PROBLEM:
Make an exact transcript of the lines in the data below, starting with the one containing "The correct answer" and going on through the one containing "La cateoria mas", with both included and the pictures left out.

RECORDS FOR THE TASK:
════════

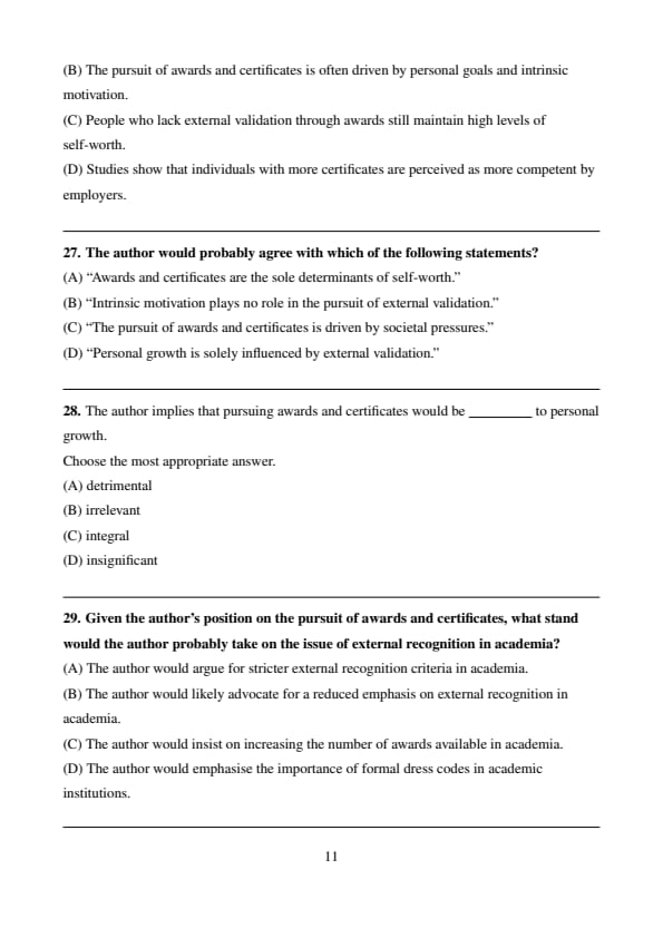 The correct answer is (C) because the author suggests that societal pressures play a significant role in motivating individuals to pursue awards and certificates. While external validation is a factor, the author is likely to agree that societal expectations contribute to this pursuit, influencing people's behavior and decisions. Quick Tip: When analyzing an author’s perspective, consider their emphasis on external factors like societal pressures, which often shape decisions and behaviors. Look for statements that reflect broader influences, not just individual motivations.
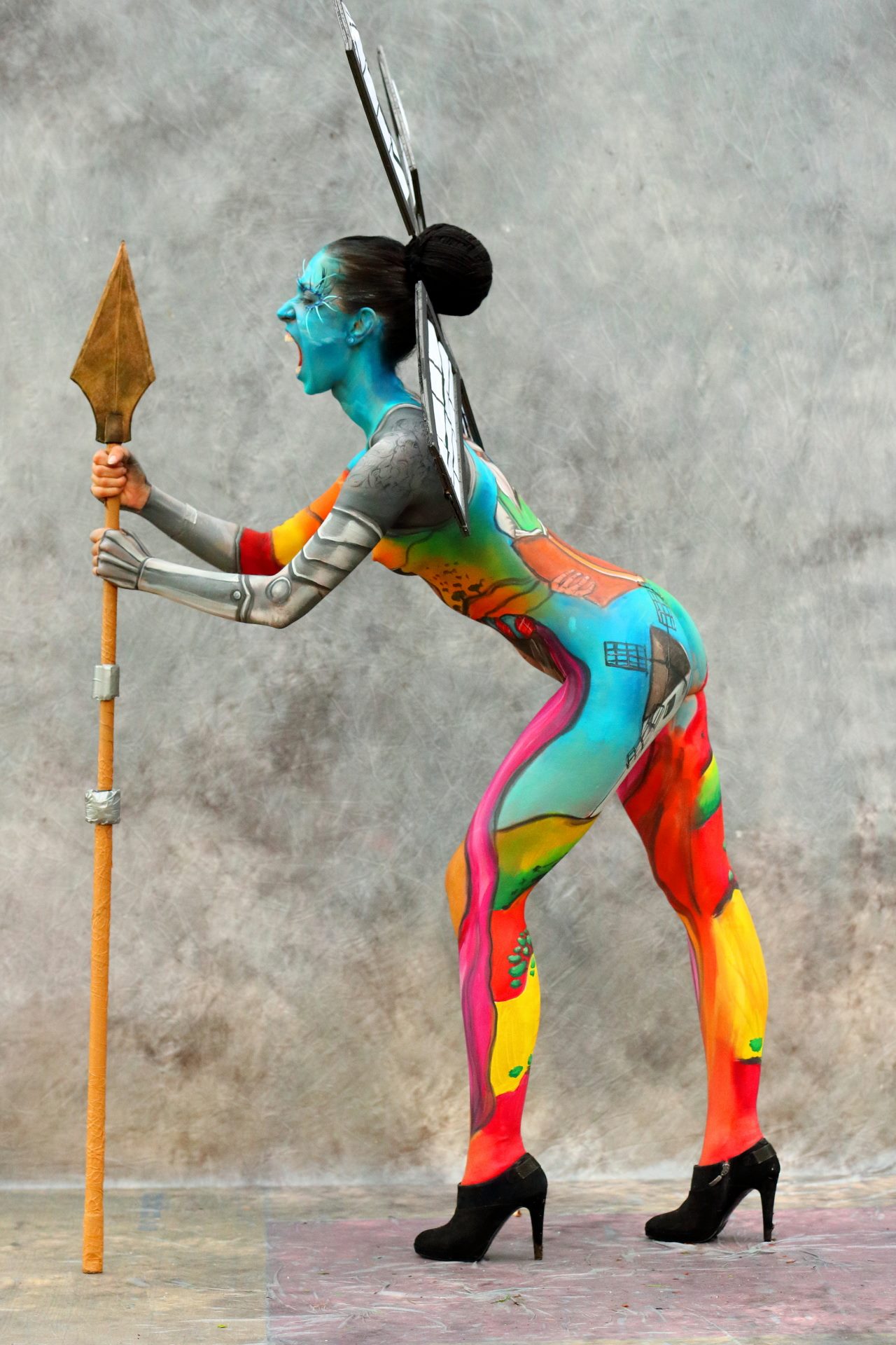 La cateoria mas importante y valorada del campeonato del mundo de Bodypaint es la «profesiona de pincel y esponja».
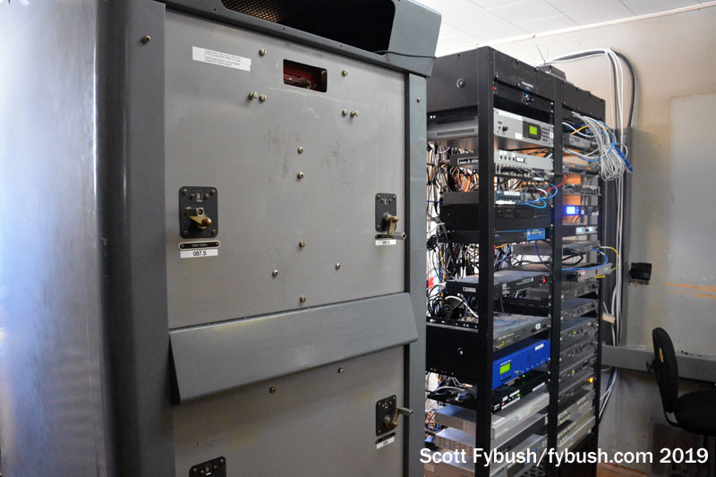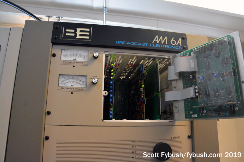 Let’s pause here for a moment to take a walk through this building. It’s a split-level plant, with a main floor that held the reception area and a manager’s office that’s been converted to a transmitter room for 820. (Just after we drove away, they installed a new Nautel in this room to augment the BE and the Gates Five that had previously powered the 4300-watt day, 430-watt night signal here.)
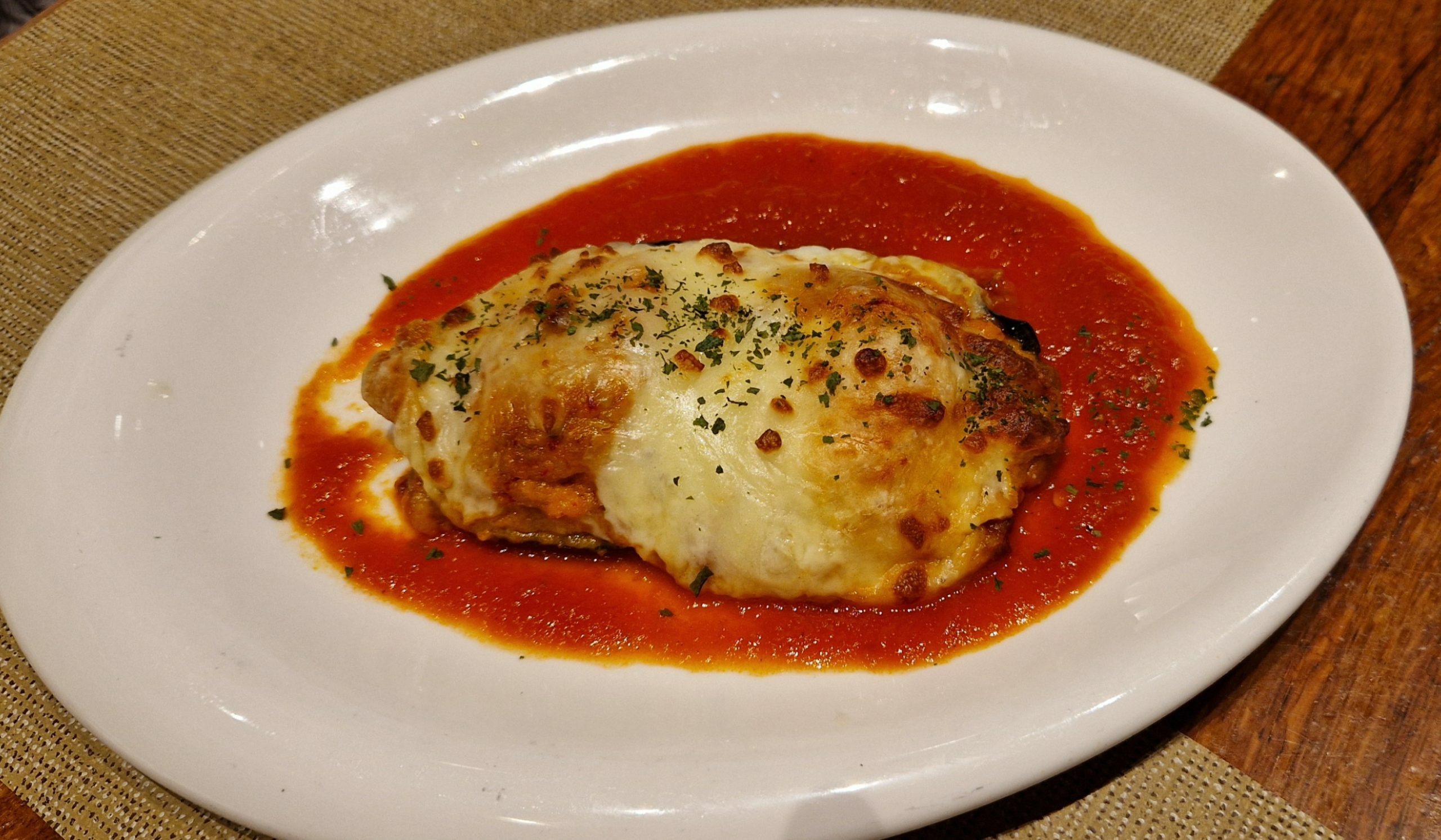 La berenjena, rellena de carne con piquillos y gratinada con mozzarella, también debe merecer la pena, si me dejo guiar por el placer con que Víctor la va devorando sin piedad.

════════

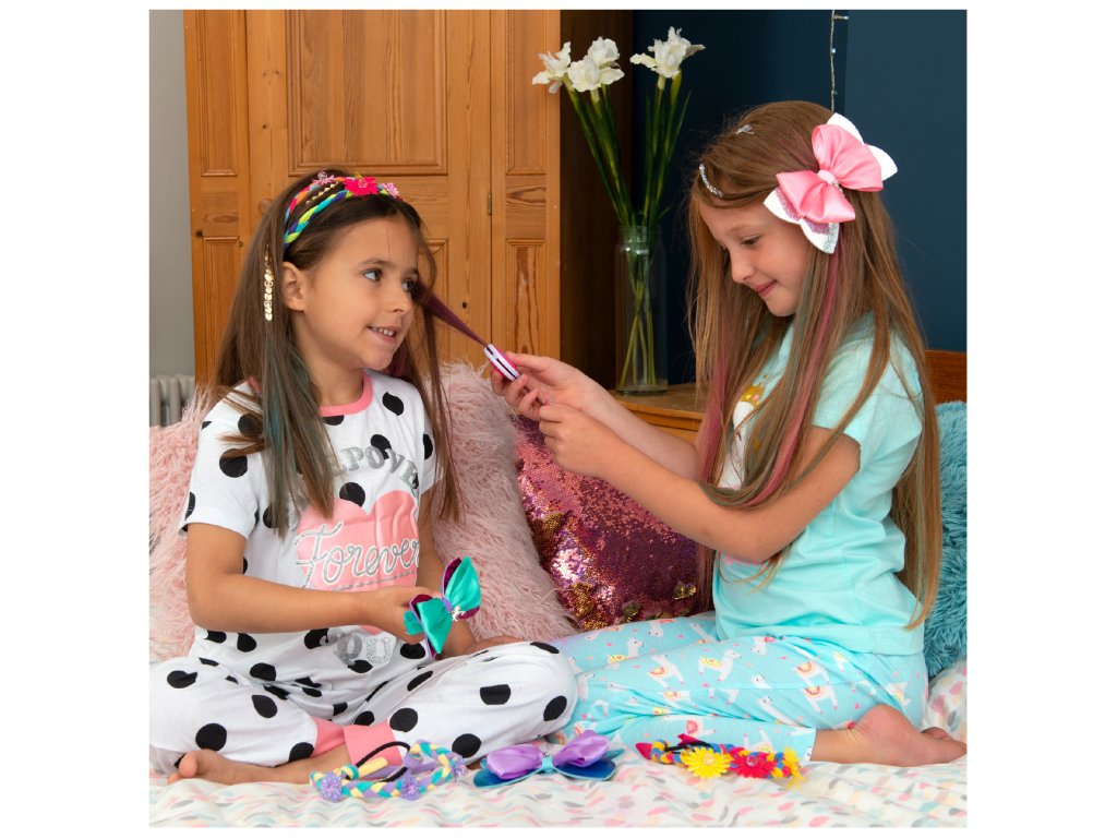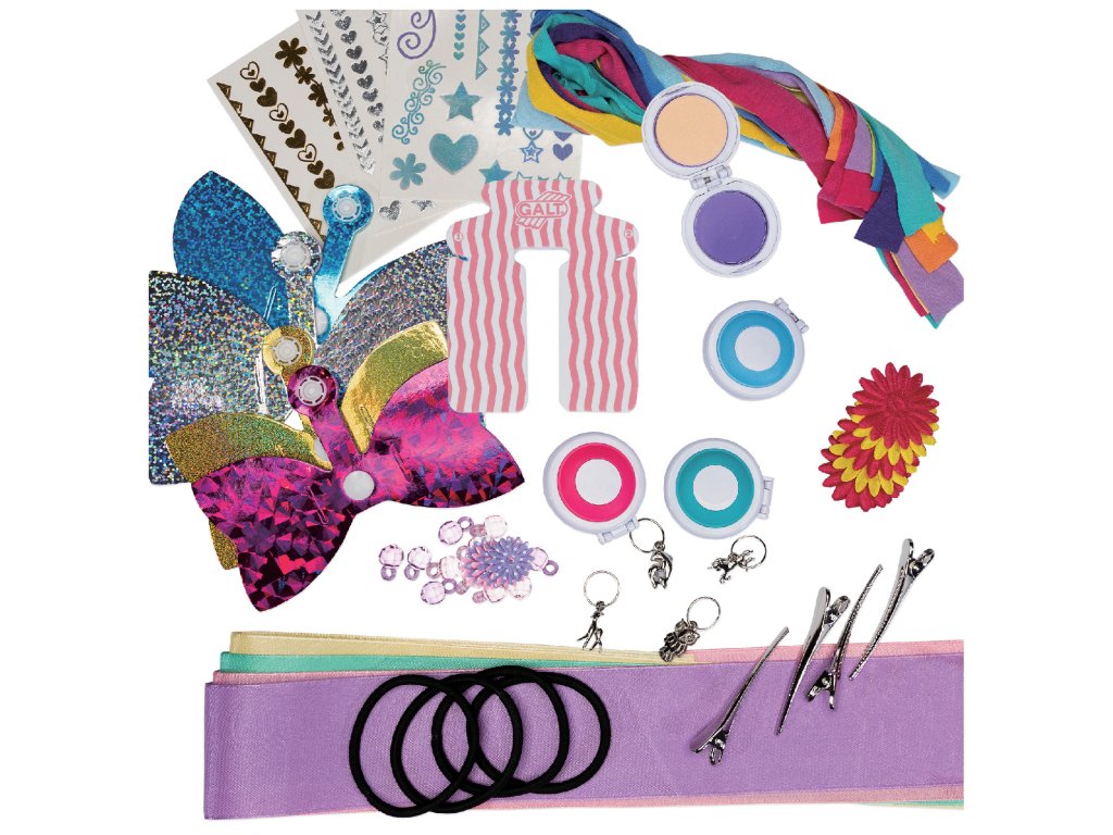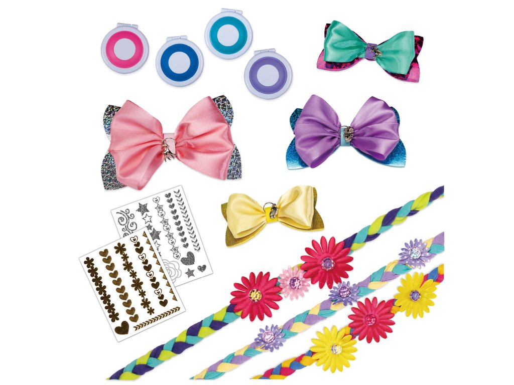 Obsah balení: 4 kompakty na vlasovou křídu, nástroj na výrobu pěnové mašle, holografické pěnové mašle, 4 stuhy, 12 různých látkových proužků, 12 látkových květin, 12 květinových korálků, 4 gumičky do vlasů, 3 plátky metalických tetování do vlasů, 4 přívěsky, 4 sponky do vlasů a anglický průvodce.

════════

RESPONSE AREA:
 The correct answer is (C) because the author suggests that societal pressures play a significant role in motivating individuals to pursue awards and certificates. While external validation is a factor, the author is likely to agree that societal expectations contribute to this pursuit, influencing people's behavior and decisions. Quick Tip: When analyzing an author’s perspective, consider their emphasis on external factors like societal pressures, which often shape decisions and behaviors. Look for statements that reflect broader influences, not just individual motivations.
 La cateoria mas importante y valorada del campeonato del mundo de Bodypaint es la «profesiona de pincel y esponja».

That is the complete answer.